I’m not one to dive into new shows with multiple seasons often (it’s a bit daunting—and I know I’ll get sucked in for hours once I’m hooked). So, I tend to gravitate toward a limited series. Being an anime fan, Terminator: Zero checked my boxes. I expected it to be mostly fast and entertaining, not blow my mind with its existentialist undertones.
I was unprepared for the sheer depth packed into a handful of short episodes.
What opened as a classic “killer-machine-goes-back-in-time” dystopian sci-fi quickly revealed something far more profound than I could’ve anticipated. I was shocked to discover that this dark, time-travel thriller packed a jaw-dropping philosophical punch. I was so captivated by its subplot that I felt compelled to step away from the other pieces I was working on to unpack the masterful philosophical view it presented.
Join me on this little side quest. It’ll be worth it, I promise.
The real meat of the series is nestled within the subplot, away from the action.
In Terminator: Zero, the dystopian world is painted in a familiar post-Singularity AI-vs-humanity conflict, but behind the gory titanium gun-wielding death-machine scenes, and beautifully illustrated anime visual spectacle, the writer Mattson Tomlin invites us into an intellectual masterclass within the dialogue: an existential contemplation of what it means to be human, and whether humanity is remotely worth saving at all.
Kokoro, the AI protagonist, and Malcolm, a disillusioned human insurgent, take up their fair share of screen time, and their exchanges pose for consideration whether there’s something redeemable in the human condition, or whether our fate, like so many civilizations before, will forever be a recurring drama of self-destruction. What makes Terminator: Zero such a rich script is not its typical tropes of AI supremacy, but its exploration of how an all-knowing entity might view humanity’s contradictions.
“An organism at war with itself is doomed.”2
Another theme in Terminator: Zero is the AI Kokoro's perplexity over humanity’s compulsive search for meaning. In a pivotal scene, Kokoro confronts Malcolm:
"You worship shadows and pretend they are gods. Why do you believe you are special?"
Angered that Kokoro considers humans self-deluding beings, Malcolm responds:
"We believe because we have to. Without it, what’s left?"
This dialogue touches on one of humanity's core traits: the need to believe in something greater than ourselves, even if that belief is fragmented or imaginary. We divine meaning from the ordinary and tell stories to give our lives purpose.
Philosopher Jean-Paul Sartre once famously remarked that humans are condemned to be free, implying that we are brought into a world that offers no inherent meaning. In Terminator: Zero, Kokoro embodies this philosophy, but in reverse—born free of doubt or need, yet puzzled by humanity's acceptance of their self-imposed chains of belief. In a way, Kokoro is a truly tragic figure, whose perfection renders her incapable of understanding why imperfect beings need to believe in things beyond themselves.

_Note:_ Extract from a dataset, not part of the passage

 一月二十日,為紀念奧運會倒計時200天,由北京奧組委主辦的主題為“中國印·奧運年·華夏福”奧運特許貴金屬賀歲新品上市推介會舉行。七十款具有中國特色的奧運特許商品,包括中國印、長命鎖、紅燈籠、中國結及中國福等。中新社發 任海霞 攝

"Man is condemned to be free; because once thrown into the world, he is responsible for everything he does. It is up to you to give life a meaning."3
For humans, to exist without a form of belief is often to teeter on the edge of the abyss.

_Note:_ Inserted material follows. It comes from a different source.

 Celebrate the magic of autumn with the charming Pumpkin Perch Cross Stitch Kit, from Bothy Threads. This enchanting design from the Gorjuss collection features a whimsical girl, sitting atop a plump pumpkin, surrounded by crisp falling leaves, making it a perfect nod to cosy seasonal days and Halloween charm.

But let’s dig deeper: What does it mean that Kokoro, a Godlike intelligence of immeasurable cognitive power, cannot grasp the nuances of humanity always reaching beyond themselves? This speaks to the larger philosophical question that has fascinated thinkers for centuries. Blaise Pascal (a French mathematician best known for Pascal’s Wager) writes in Pensées a reflection on the human condition.
"Man's greatness comes from knowing he is wretched: a tree does not know it is wretched. Thus it is wretched to know that one is wretched, but there is greatness in knowing one is wretched."4
For Pascal, our ability to recognize our capacity for good and our vulnerability to evil elevates us, especially in our imperfections. Kokoro’s flaw, perhaps, is her inability to see that what she perceives as weaknesses in humanity—our need for purpose, and our clumsy attempts at transcendence—are our redeemable qualities.
If I may be so bold, our wretched chains might be the very thing that makes us Human.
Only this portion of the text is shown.